How do you find the slope of the secant lines of # f (x) = x^2 − x − 42# at (−5, −12), and (7, 0)?

1 Answer
Oct 30, 2015

Assuming that the word "lines" should be "line", it is exactly the same as the slope of the line through the points (−5, −12), and (7, 0).

Explanation:

If my interpretation is incorrect, then perhaps you asking for the general equation of a secant line to the curve that includes the point #(-5,-12)#

If that is the question, then the form of the answer will depend on whether you call the second point #(x,f(x))# or #(a,f(a))# or somthing similar of call it #(-5+h, f(-5+h))#

For #(x,f(x))#, we find slope:
#m = (f(x)-(-12))/(x-(-5)) = (x^2-x-42 + 12)/(x+5) = (x^2-x-30)/x+5)#

# = ((x-6)(x+5))/(x+5) = x-6# (for #x != -5#)

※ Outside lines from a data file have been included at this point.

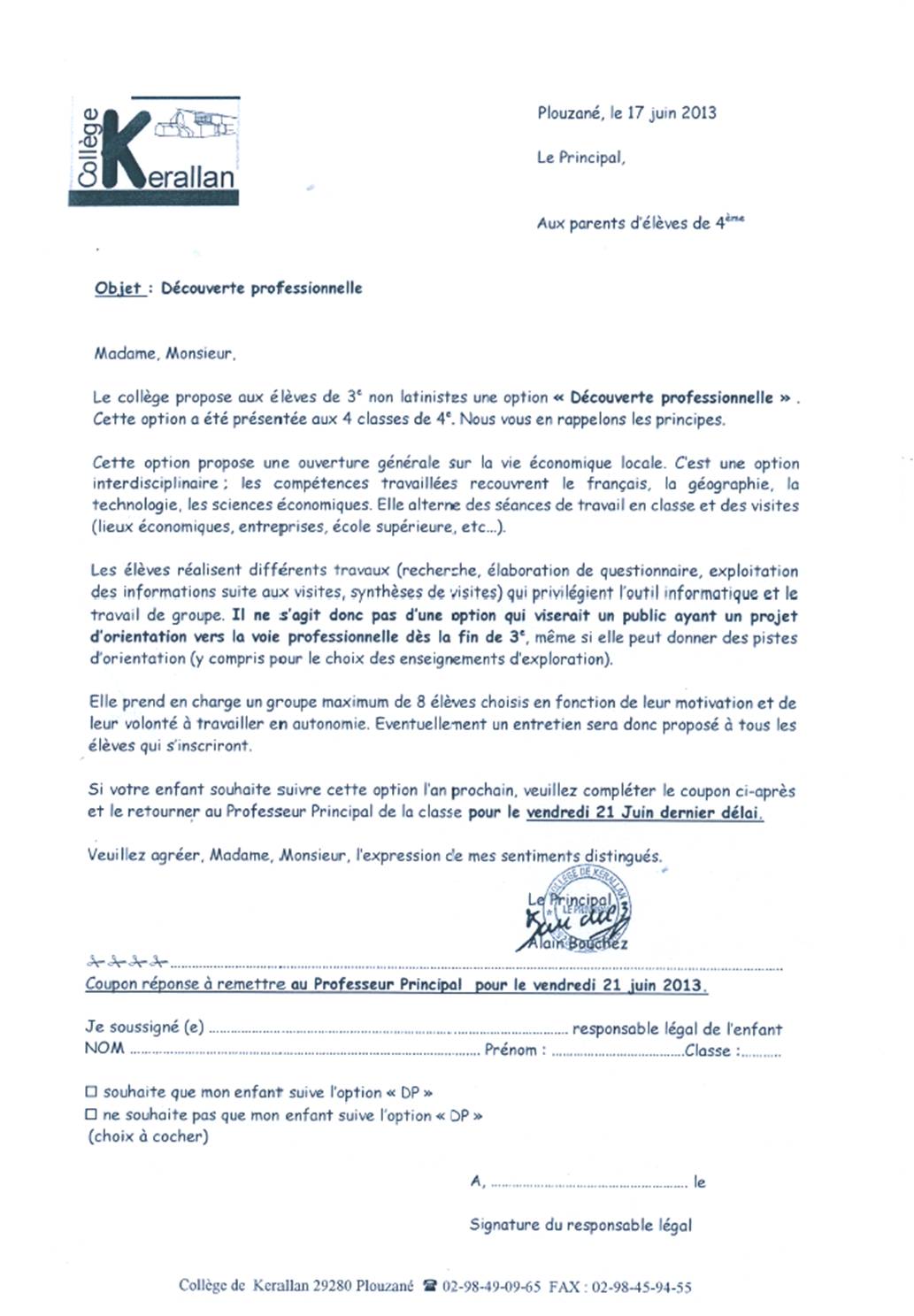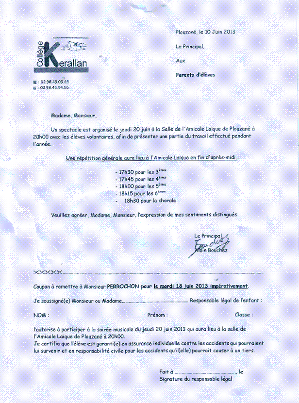 NOTE COUPON REPONSE PLANNING FIN ANNEE SCOLAIRE 2014 2015 |
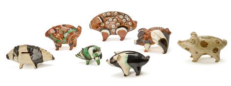 2551/627LyngbyHerman Jørgen Kähler, Grete Kähler, Nils Kähler: Seven earthenware animals in the shape of pigs, six of which are piggy banks. (7)
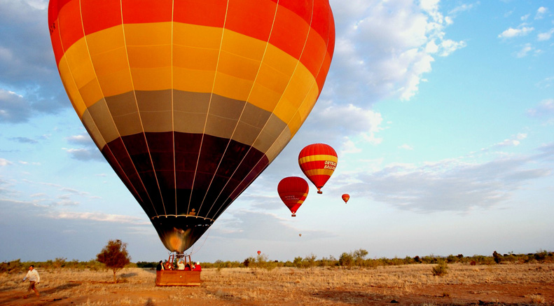 Your Outback ballooning adventure begins pre-dawn, with the balloons inflation as the sun lights up the rugged MacDonnell Ranges. While floating gently in the air you will appreciate the vast remoeteness, scenery and wildlife of the Australian outback. Wildlife, particularly big red kangaroos are seen nearly every day as your balloon crosses spinifex grasses, mulga scrub and cattle stations. This Alice Springs tour includes return transfers and a glass of sparkling wine.
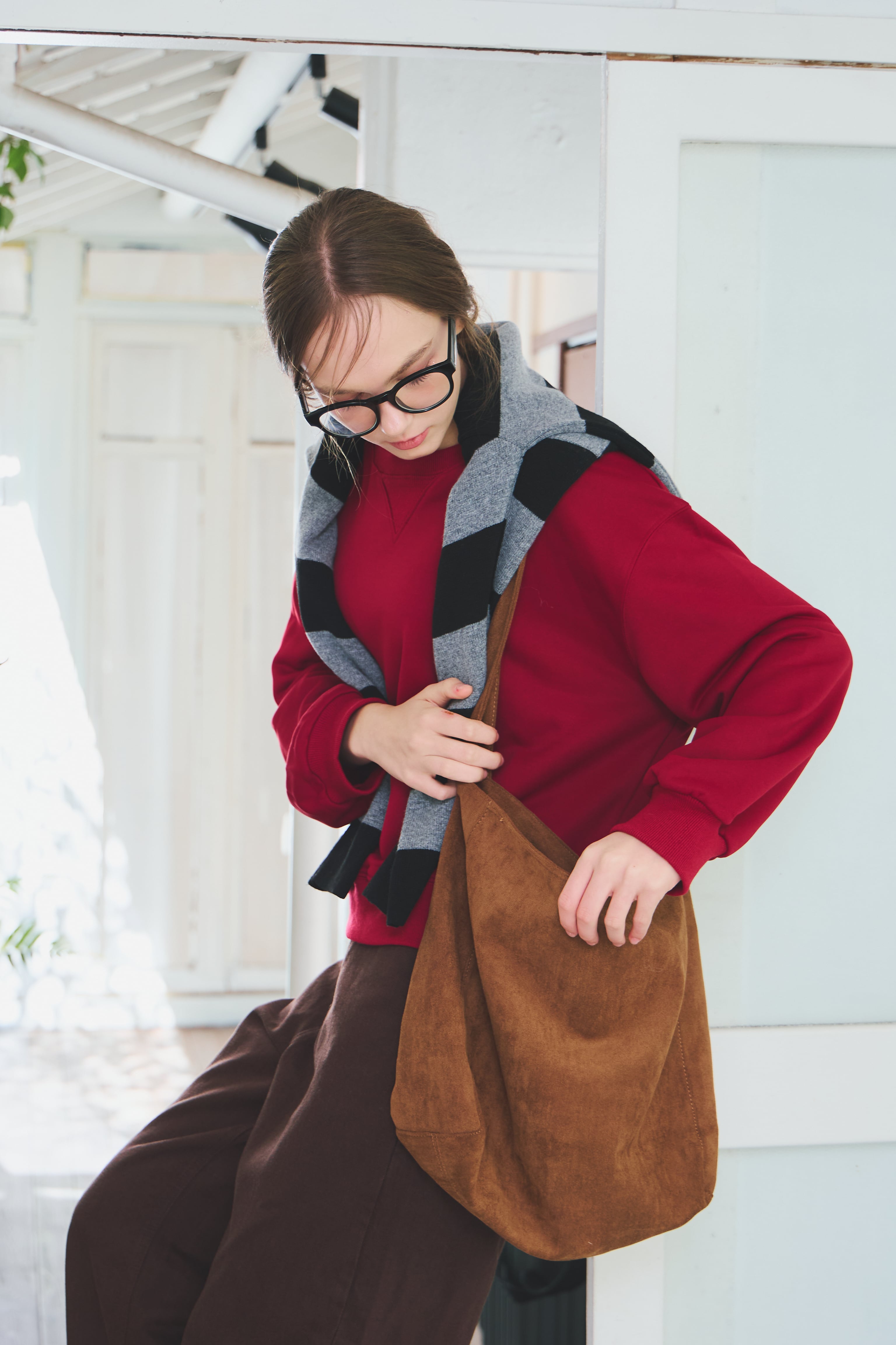 無地だからこそボトムスや小物次第で雰囲気を変えられ、ワードローブに一枚あると重宝するアイテムです。
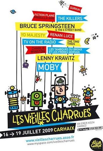 17 juillet 2009 : Le Festival des Vieilles Charrues qui se tient à Carhaix-Plouguer, dans le Finistère (F), accueille, jusqu’au 19 juillet, les artistes francophones BENABAR, SUPRÊME NTM, Renan LUCE, LA RUE KETANOU, Julien DORE et Francis CABREL.

For #(-5+h, f(-5+h))#, we find slope:

#m=(f(-5+h)-(-12))/((-5+h)-(-5))#

# = ((-5+h)^2-(-5+h)-42+12)/(-5+h+5)#

# = (25-10h+h^2+5-h-42+12)/h#

# = (-10h+h^2-h)/h = -11+h# (for #h != 0#)

The general equation of a secant line to the curve that includes the point #(7, 0)# is found by similar methods.